While Mr. Justice Ireton shaded his eyes with his hand, Dr. Fell dropped the pieces of the confession into the ash tray. He struc
k a match to them. The flames curled up as the paper caught fire, and were reflected in the eyes of the moose’s head on the wall. Both men sat silent, watching truth burn.
THE END
JOHN DICKSON CARR
The man many readers think of as the most British of detective story writers was born in Uniontown, Pennsylvania in 1906. After attending Haverford College, Carr went to Paris where, his parents hoped, he would continue his education at the Sorbonne. Instead he became a writer. His first novel, It Walks By Night, was published in 1929. Shortly thereafter, Carr married and settled in his wife’s native country, England.
The Thirties were a highly prolific period for Carr, who was turning out three to five novels a year. Some of these were published under what became his most famous nom de plume, Carter Dickson. (Because the Dickson novels contain a great deal of a certain type of comedy, many of their earlier readers attributed them to P. G. Wodehouse. Could an American write like this? Never!)
In 1965 Carr left England and moved to Greenville, South Carolina, where he remained until his death in 1977.

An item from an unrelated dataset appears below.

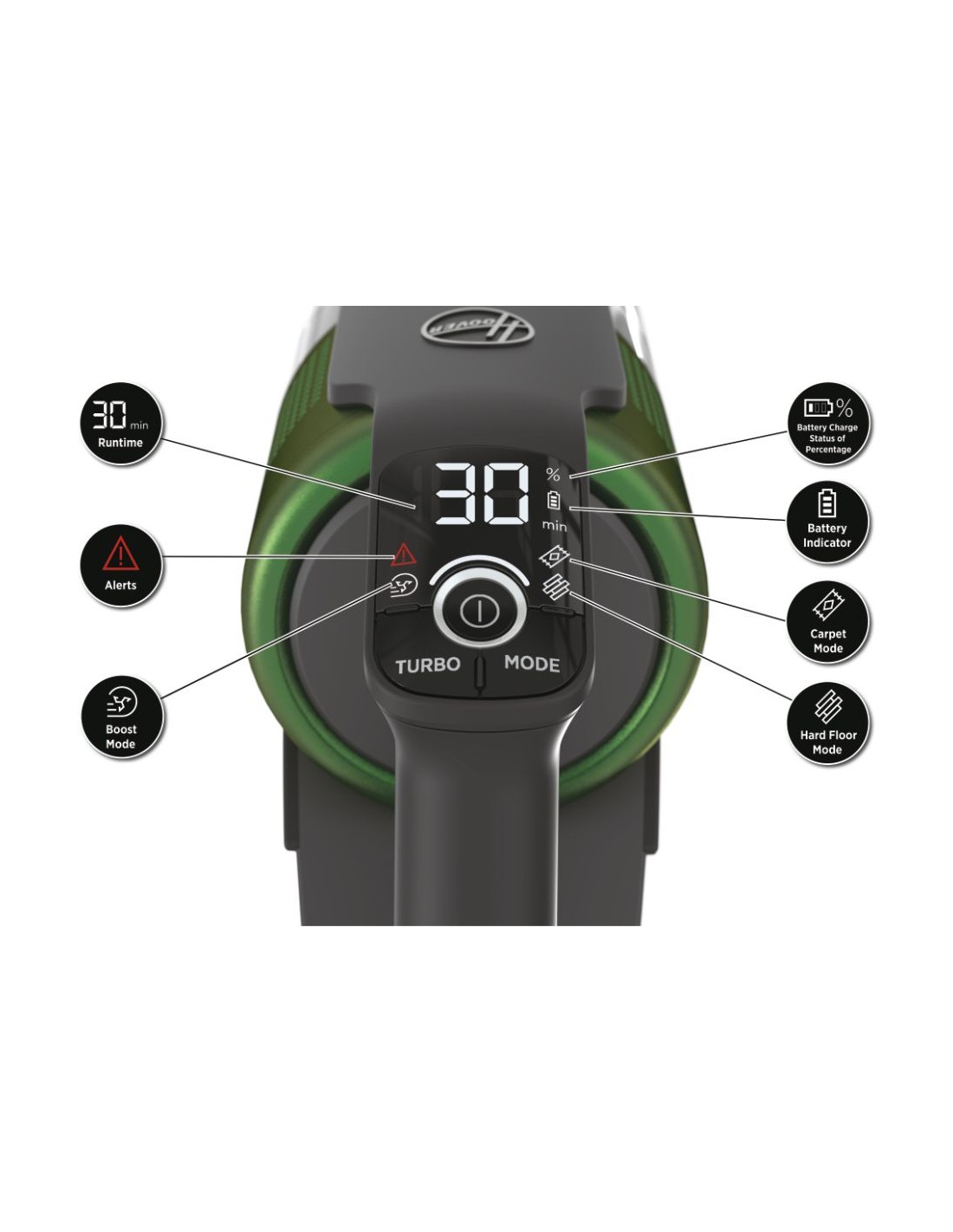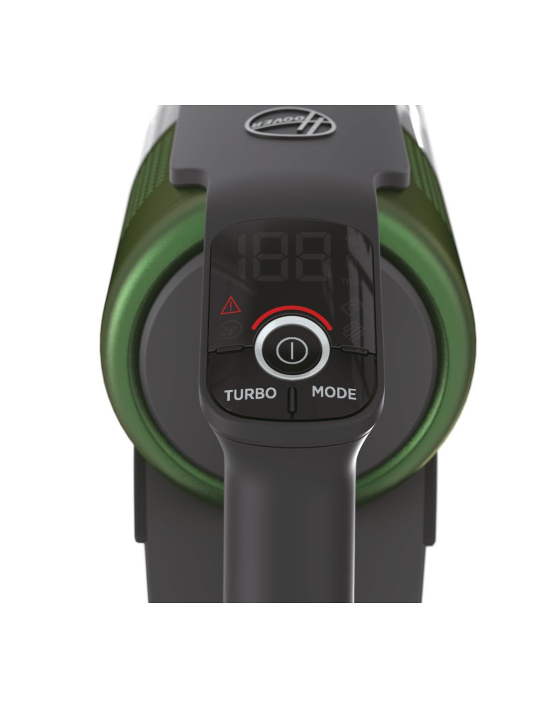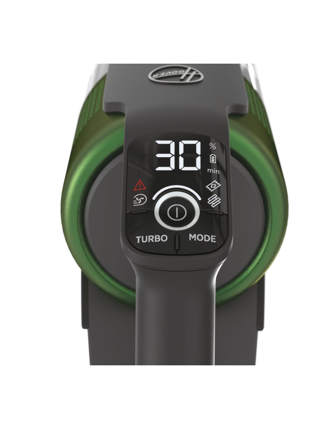 HF9 è dotato di un display LED premium con un pannello di controllo intuitivo per avere tutto ciò di cui hai bisogno a portata di mano, dalle impostazioni della forza aspirante ad eventuali problematiche legate all'autonomia residua per completare le tue pulizie. Puoi facilmente regolare la velocità della spazzola scegliendo tra due impostazioni: modalità pavimento duro o modalità tappeto. Puoi inoltre regolare la potenza extra passando alla modalità Turbo.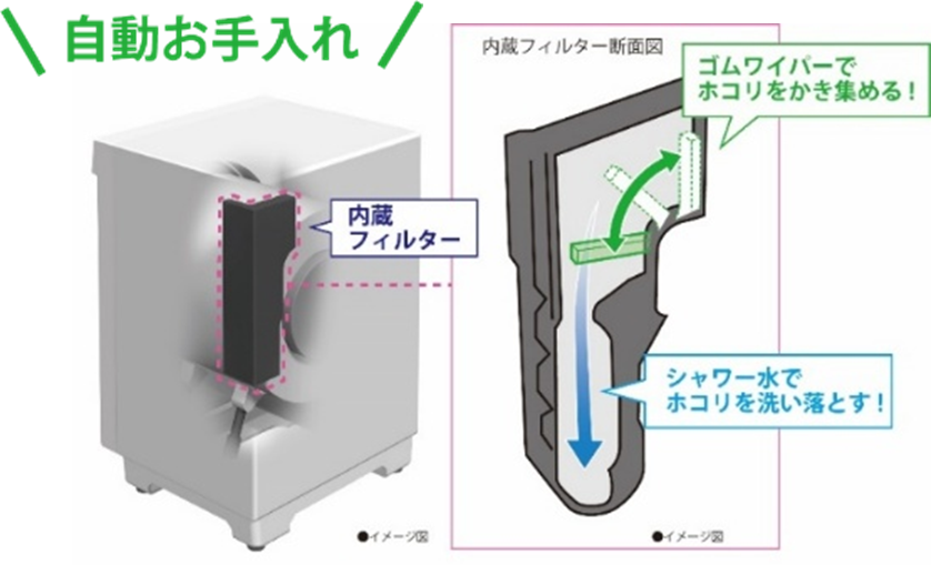 内蔵している乾燥フィルターは自動お掃除機能付き。フィルターの詰まりによる乾燥効率の低下を抑えます。

In his lifetime, Carr received the Mystery Writers of America’s highest honor, the Grand Master Award, and was one of only two Americans (the other was Patricia Highsmith) ever admitted into the prestigious—but almost exclusively British—Detection Club, in his famous essay “The Grandest Game in the World”, Carr listed the qualities always present in the detective novel at its best: fair play, sound plot construction, and ingenuity. (He added, “Though this quality of ingenuity is not necessary to the detective story as such, you will never find the great masterpiece without it.”) That these qualities are prevalent in Carr’s work is obvious to his legions of readers. In the words of the great detective novelist-critic Edmund Crispin, “For subtlety, ingenuity, and atmosphere, he was one of the three or four best detective-story writers since Poe that the English language has known.”